UML component, deployment, state chart, class, use case and activity diagrams. I mostly use PlantUML, which is, due to its textual source notation, embeddable into Markdown or AsciiDoc files and are therefore comparably easy to version.

PlantUML works best with sequence diagrams because automatic layout is much easier ("sequential") for them.


I mainly use diagrams in documentation and not in specification or development (although tools I am learning to use, such as Alloy [0], for specifications do generate diagrams of the state).

In documentation I typically use a mix of ditaa[1], mermaid[2], and graphviz[3]. I used ditaa for architecture diagrams, a mix of sequence, flow chart, and ER diagrams in mermaid to explain protocols or interactions; and I use graphviz usually for datastructures or dependencies, etc.

[0] https://alloytools.org

[1] https://ditaa.sourceforge.net

[2] https://mermaid-js.github.io/mermaid/#/

[3] https://graphviz.org/


I use ER diagrams to model data structures, even if they are not stored in a database. I find them to be much clearer than class diagrams for example, and they help to keep an overview of everything. Otherwise, I sometimes use activity diagrams to model some complicated logic but don't use anything else of UML.

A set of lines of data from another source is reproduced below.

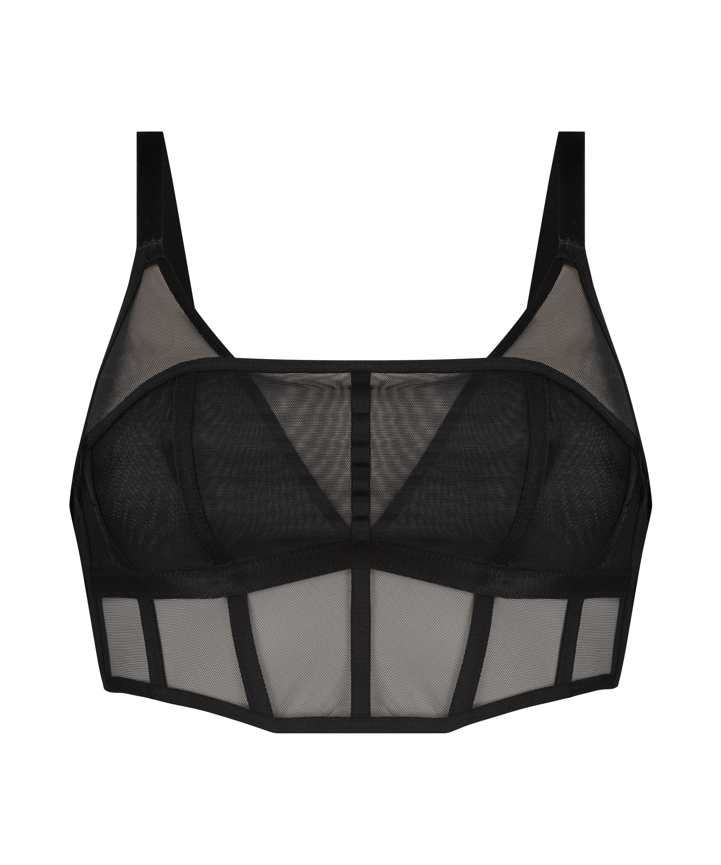 Ha det behagelig og føl deg feminin i denne toppen! Den er laget i et nettingstoff som gir et halvt gjennomsiktig inntrykk. Toppen har lengre passform for ekstra komfort. Kombiner med matchende truser.
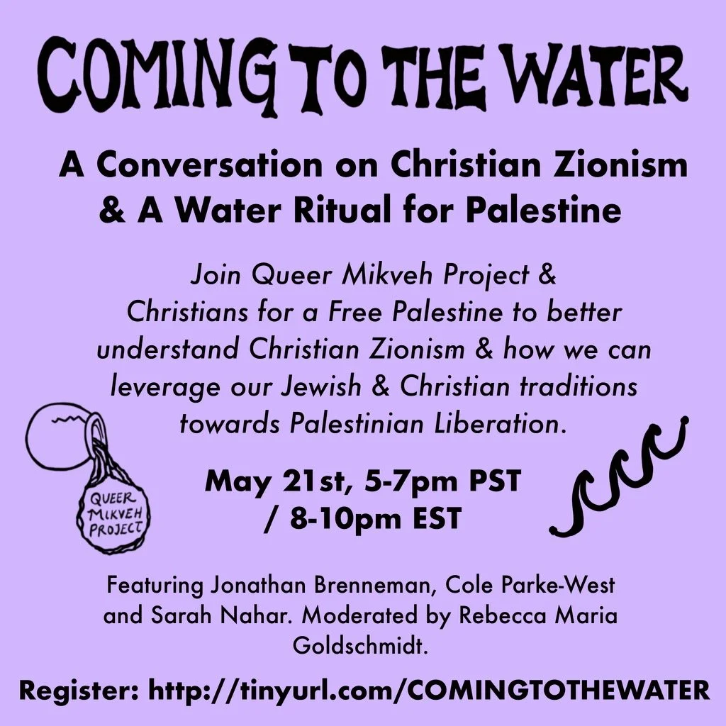 Join Queer Mikveh Project & Christians for a Free Palestine to better understand Christian Zionism & how we can leverage our Jewish & Christian traditions towards Palestinian Liberation.
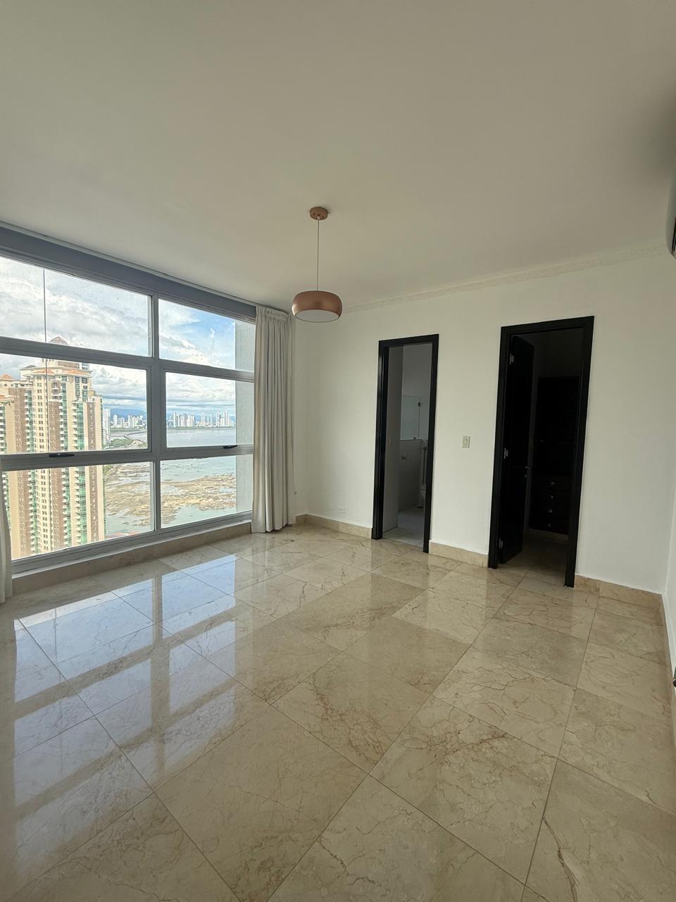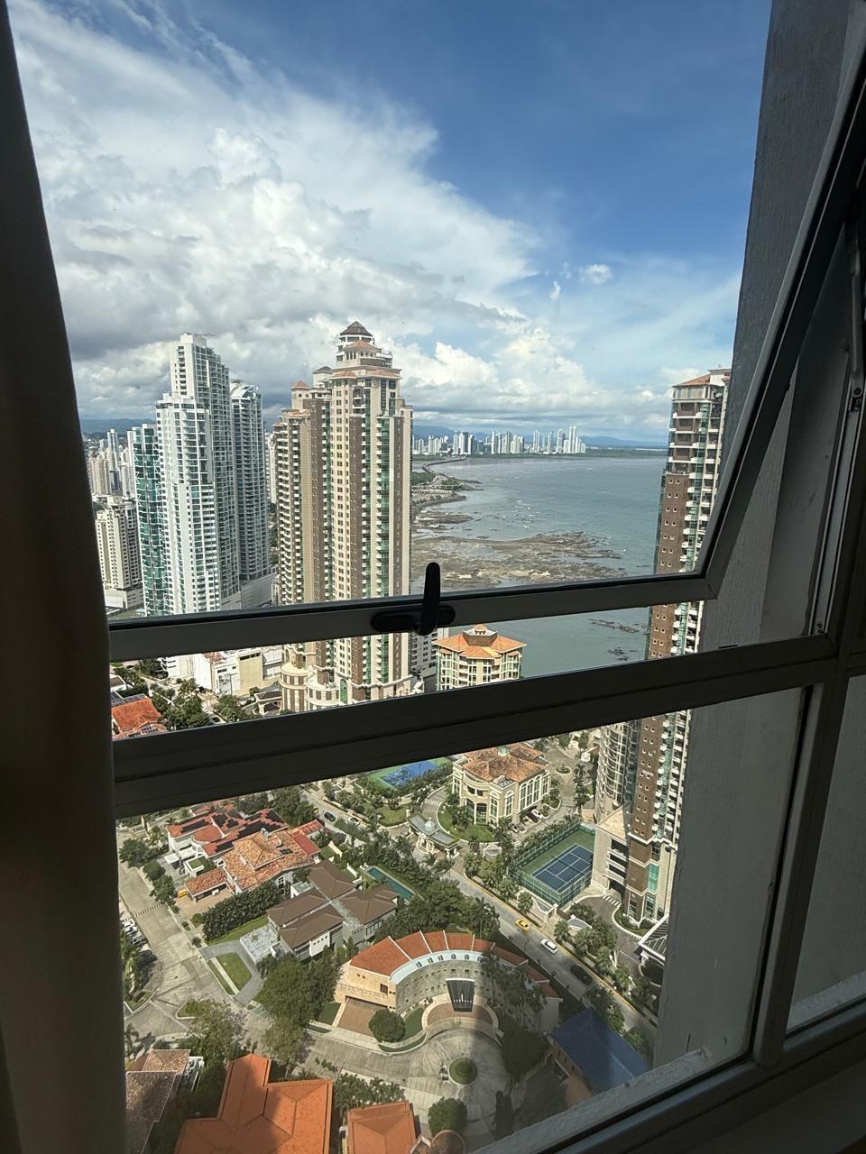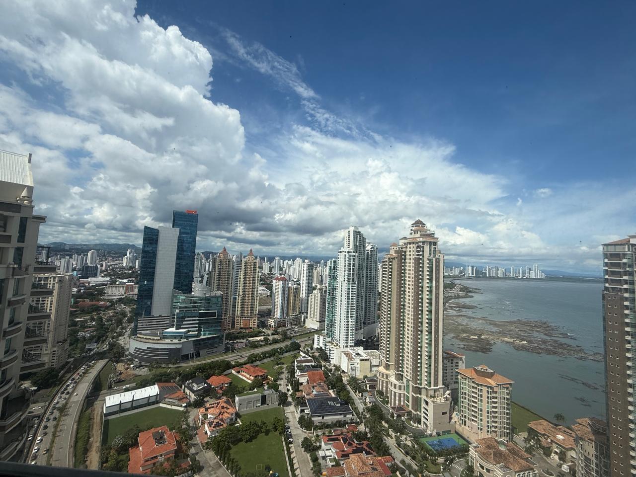 Ubicado en piso alto, este elegante apartamento de 306 m² ofrece un estilo de vida de lujo con una vista panorámica al mar, la ciudad y las montañas. Sus acabados de calidad como pisos de mármol y su distribución amplia lo convierten en una oportunidad única para quienes buscan confort y exclusividad. Características del apartamento: 3 recámaras espaciosas con baño privado 3 baños completos + baño de visita Sala, comedor, balcón y den familiar Cocina cerrada amplia con línea blanca Lavandería, cuarto y baño de empleada 2 entradas independientes al apartamento 2 estacionamientos Línea blanca incluida Edificio Q Tower: Área social completa con piscina, gimnasio, salón de eventos y más Seguridad 24/7 Ubicación privilegiada en Punta Pacífica, cerca de centros comerciales, hospitales y principales vías
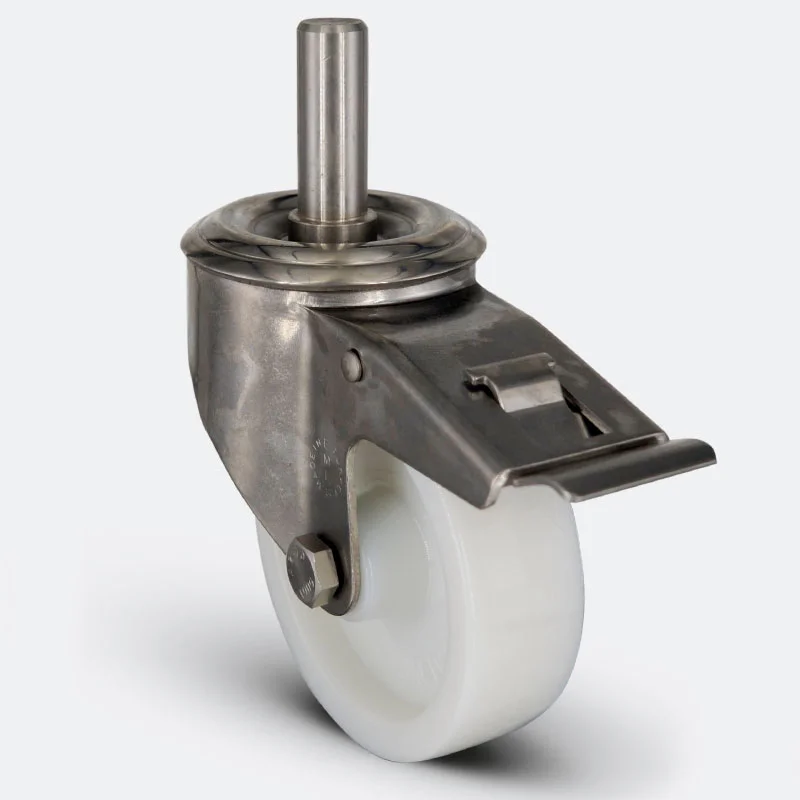 Preslenmiş paslanmaz çelik saç, çift bilya yataklı, döner başlık, metal toz koruması, cıvata ve somunlu teker aksı
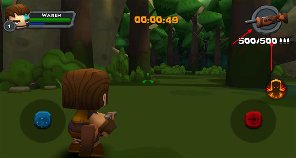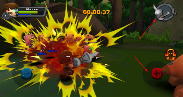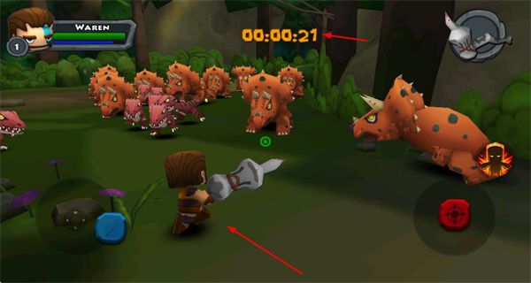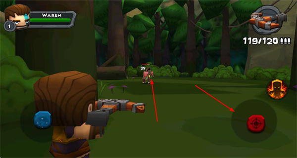 1、进入丛林场景后,操控角色Warren,点击右侧红色攻击按钮,瞄准并射击怪物如粉色恐龙。

If we talk about professional use, then Powerpoint (many years ago), then Visio (also many years ago), then yEd (by yWorks, https://www.yworks.com/products/yed). Then there are a ton of specialized open-source tools, with varying quality. Mermaid improved a lot. PlantUML has a lot of options, but I would not use it professionally. draw.io has also plenty of options, but has some usability issues in the frame of a frequent, professional use.

For anything UML-related, Enterprise Architect is quite good, but boy you better know UML. That ain't user-friendly in the least. But super powerful and there are a few more like that out there with somewhat limited free versions.

Long story short, my best choice is yEd. And I still reach out to Powerpoint every now and then.


Semi smart-ass answer: Whatever is the simplest one to communicate what I'm trying to say.

I don't strive to be 100% compliant with a given methodology, I see those as diminishing returns. Class, sequence, architecture, a bunch of lines and boxes, whatever does the job.

It depends on your audience & message!



Years ago we found it useful to generate a database diagram. Each table had its own box with the columns in the table, their data types, default values, etc. Lines would connect the boxes indicating foreign key relationships. Back then we were using oracle. The program would connect to the database and run DDL queries to build the boxes and lines. Then we could group the boxes (all the user tables over here and colored blue) manually. Periodically we’d generate a large pdf and send it to the print shop to be printed and hang it up in our work area.

I can’t remember what program we used. But now we are on Postgres and we talk about creating a database diagram again since we found it so useful. We just haven’t found a good program yet.


ERD software that connects to databases is plentiful. I'm not sure what tools are commonly used in the Postgres world, but "ERD" is the term you'll want to use in your googling.


Here's one of these I found recently: https://dbdiagram.io/


Sequence diagrams are about the only thing for a long time.

Otherwise nothing much... random visio-ish things made in draw.io or sometimes scribbled out on the fly during presentations using a wacom tablet. I tend to prefer words, code snippets and config to explain my stuff these days.


Markdeep[0] from Casual Effects has a way of drawing diagrams using extended markdown.

I used it to write this document with two diagrams: https://loan-free-ed.neocities.org

Other tool I like are PlanetUML[1], BoUML[2] and Modellio[3](it is very heavy though on system resources!)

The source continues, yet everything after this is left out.